Unlike the keywords tag, the favicon meta tag is still useful; it's the small image (typically 16x16 in size) that shows up in the upper left-hand corner of a browser's tab/window for a specific website.  To indicate to the browser which favicon it should show, many websites use a link tag -- or several link tags, for that matter -- as is the case with the Engadget website.  However, few websites realize (or more appropriately, their marketers and developers) that the link tag isn't necessary for displaying a favicon.  That's because a browser will automatically check for a favicon at the website's root; in fact, not having it there can lead to artificially slow page load times and unnecessary 404 entries in a server's log file if it is nonexistent.  Even on Apple devices, the apple-touch-icon-precomposed.png and apple-touch-icon.png icons are retrieved from the website's root by default, according to Wikipedia.  So, when is using a link tag actually necessary for serving a favicon?  The answer is whenever the favicon needs to change (a consequence of aggressive caching of the previous favicon on the part of browsers) or whenever multiple favicon sizes are preferred.  Ironically, for most websites neither of the two aforementioned cases apply; that's because it's extremely rare that a website's favicon changes (it typically happens after a re-branding), and there's little evidence that end-users tend to save a website to their phone's Home screen (as opposed to just bookmarking the website or better still downloading its App) to warrant using multiple favicon sizes.  Barring a lack of access to a website's server, I'd recommend avoiding the favicon and so-called "touch" icons altogether.

The Twitter tags

Wait, wait, wait... Let me explain!  I have nothing against Twitter's meta tags; it's just that they're often used in conjunction with Facebook's OpenGraph meta tags (and that makes total sense, as they're both very popular social networks), but doing so creates a lot of redundancy.  If you read Twitter's documentation (something that marketers and developers rarely do), it clearly states that there are specific "OpenGraph fallback behavior for each Twitter tag".  That is to say, in the absent of the twitter:card meta tag, the OpenGraph og:type tag will be used.  The same is true for the twitter:description meta tag, which fallback to using the OpenGraph og:description tag.  And then there's the twitter:title and twitter:image meta tags, both of which fallback to using the og:title and og:image tags, respectively.  In fact, "if an og:type, og:title and og:description exist in the markup but twitter:card is absent, then a summary card may [still] be rendered", according to Twitter.  So as it turns out, you can indeed kill two birds with one stone; or, meta tag in this case, by relying on Facebook's OpenGraph meta tags as substitutes for Twitter's.

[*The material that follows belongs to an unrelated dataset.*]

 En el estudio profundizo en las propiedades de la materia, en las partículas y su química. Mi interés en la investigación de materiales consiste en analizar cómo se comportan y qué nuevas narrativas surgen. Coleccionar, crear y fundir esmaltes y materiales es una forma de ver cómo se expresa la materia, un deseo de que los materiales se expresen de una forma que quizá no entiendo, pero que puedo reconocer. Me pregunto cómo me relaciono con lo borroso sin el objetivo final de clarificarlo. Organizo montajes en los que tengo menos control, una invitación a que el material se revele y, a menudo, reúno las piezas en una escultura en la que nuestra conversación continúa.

The pragma, expires, and cache-control tags

Instead of being hard-coded in HTML, the pragma, expires, and cache-control meta tags should instead be specified as headers on the server-side -- typically as part of the HTTP response object (the exception being for websites without direct server access).  Then again, if a website is so concerned with the caching of its contents, I think it should invest in a dedicated server in order to properly manage said caching.  But I digress.  Let's hear what Microsoft has to say about the aforementioned tags.  According to Microsoft, the "Pragma: No-cache" tag might not even prevent a webpage from being cached, at least not in Internet Explorer; and then there's the MDN web docs, which states that the pragma tag is not a reliable replacement for the general purpose cache-control tag.  Even the expires tag can be ignored if there's a cache-control header with the "max-age" or "s-max-age" directive in the response, says MDN.  So if the pragma and expires tags are useless, why are websites like Engadget using them?  I suspect that this is again due to habit, and to both marketers and developers not being fully informed about this information.

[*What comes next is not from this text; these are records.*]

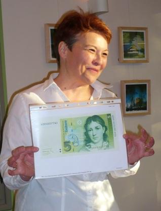 Une femme fascinée et une femme fascinante : Patricia Bigdely devant un portrait de Bettina von Arnim à la PetriHaus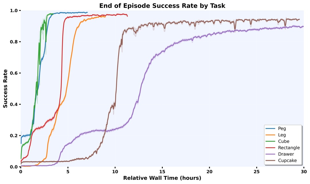 Below are success rate curves for each task plotting over number of training iterations and wall clock time when training on 4xL40S GPUs. Insertion, twisting, cube stacking, and rectangle orientation on wall tasks converge within 8 hours, while drawer assembly and cupcake on plate tasks take 1 day.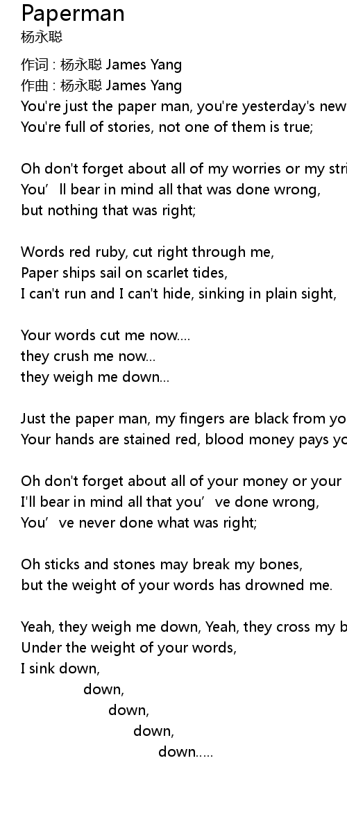 | 作词 : 杨永聪 James Yang | |

The comments and whitespaces

All of the comments and whitespaces on websites are there solely for the benefit of marketers and developers; they serve no practical purpose to end-users or to browsers.  And while both comments and whitespaces aid in the understanding and debugging of code, in so doing they actually do a disservice to users -- especially when deployed Production.  I argue that they're not needed, especially in the year 2017 when there are a multitude of other options available to developers such as server-side comments (those that don't output in HTML code) and impressive browser-based debuggers like Chrome's DevTools or even URL parameter based feature-flags that enable a debug mode.  Frankly, there's no need to penalize all of a website's users today with unnecessarily bloated webpages.

In conclusion, I've only touched upon a few of the many ways in which marketers and developers can reduce HTML transfer size by deleting useless code from their websites.  There are many others; namely, by removing quotes from specific HTML attributes; by not specifying default attributes for HTML forms; by removing unnecessary prefixes from URLs; etc.  A great resource to learn more about reducing HTML transfer size is Google's PageSpeed.  I hope you found this article helpful.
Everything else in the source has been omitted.